Kim Ji-ha saw through it certainly that for the internalization of a sorrow of the day, much literariness and mental sternness which modern reason was finding its exit aimed mainly at weakness them, but did not pinpoint the culprits of social contradictions. He found the reason why they were only ideological in the intellectual petit bourgeois character. And a way which he had worked out to tide over it was the very popular art of the conventional age and its practical resistance. He had recourse to asthetics of folk arts to exceed the historical limits in the form of existence which our modern poems had.
"To combine the stream of Kim Su-yeong and pansori, critical realist poetry and national popular art is a vital mission of our age, our generation and us"(On April 1, 1070). The point or place which this one sentence should hit is a destined and pivotal experiment which the Korean national literature or intellectuals are expected to undergo in process of future movements.
He did not budge an inch backward in confrontation with the Park Chung-he regime from start to finish and he was faithful to the spirit of the times (Zeitgeist) calling for touching a string in contemporary readership's heart. He experimented on genres without a break and immersed himself in finding a whole form and style in our lyric poetry. We can know from his vestiges that such doings let him know his lyric poetry did not express the dynamics of traditional popular asthetics and he craved for a more naked verse style.

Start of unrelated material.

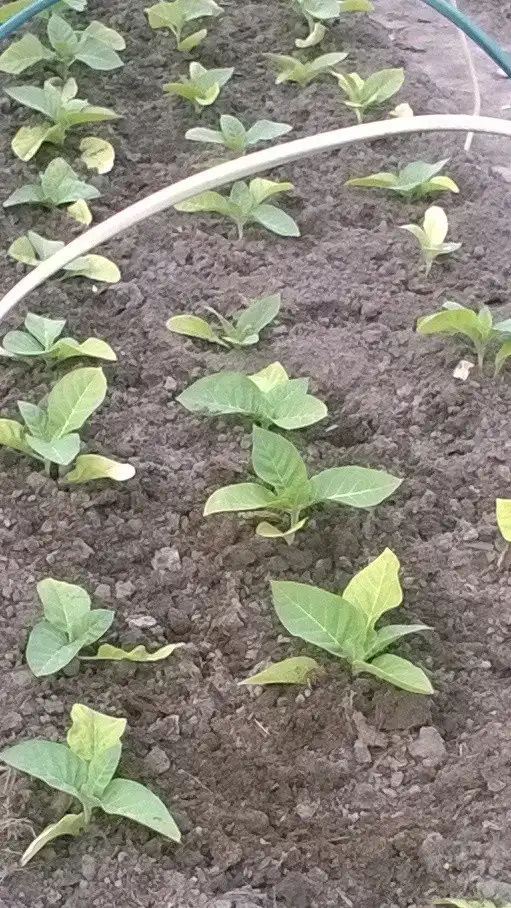 На грядке махорки видите мелкую поросль ? Ближе к зелёной палке... Это вся остальная рассада, которая не пикировалась. выбрасывать не стал, так воткнул. Пусть живёт.))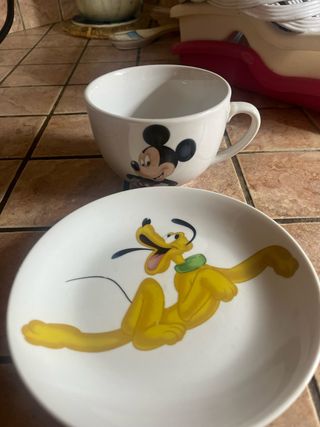 Set colazione con i personaggi Disney. - Tazza con Mickey Mouse. - Piatto con Pluto.

We can know such fact through works written in poetic notes when publishing 'Castor New Wind'. We can know that his experiment did not center merely on political oppression and lack of freedom but pursued generalization or wholeness.
But part of student movement activists denied 'Through Feeling Thirsty" after the May Struggle on May 18, 1980. It was due to the extreme skepticism of the type of democratic personnel 'giving democracy cheers in secret at back streets at daybreak'. The students wanted the type of fighters and they sang 'your pretty breast cut like a tofu (bean curd)...' So he had almost no other way but one. It was to make a long march of thought in search of a more lengthy and essential role. Perhaps he wrote 'Heavy Snowfall" from that perspective but the writing had limits that 'it lacked the spirit of the times(Zeitgeist) calling for touching a string in contemporary readership's heart' and 'it created an unexpected genre not based on the intervention and consensus of readers'. At that point, he finally got out of the focus which had attracted the whole context and literary circles in our movement history for the last 10 years.
In such course, he broke down asthetic and political distortions and inertia initiated in the process of dependent modernization after our country's division. His ballads and thoughts did not succeed in part because of their failure to secure a stable genre style but any socially problematic consciousness live to affect continuously. That formed a giant stream of mass cultural movement in the 1980s, caused a debated such as disbanding genres, co-creation and the mass subject theory and made us reflect on our modern genre styles formed with our mass' creative intervention excluded after its introduction from the West.
Kim Ji-ha's asthetic and practical energies opened a passage for constructing a subjective and new modernity in this way by passing through all history in the 1970s and 1080s.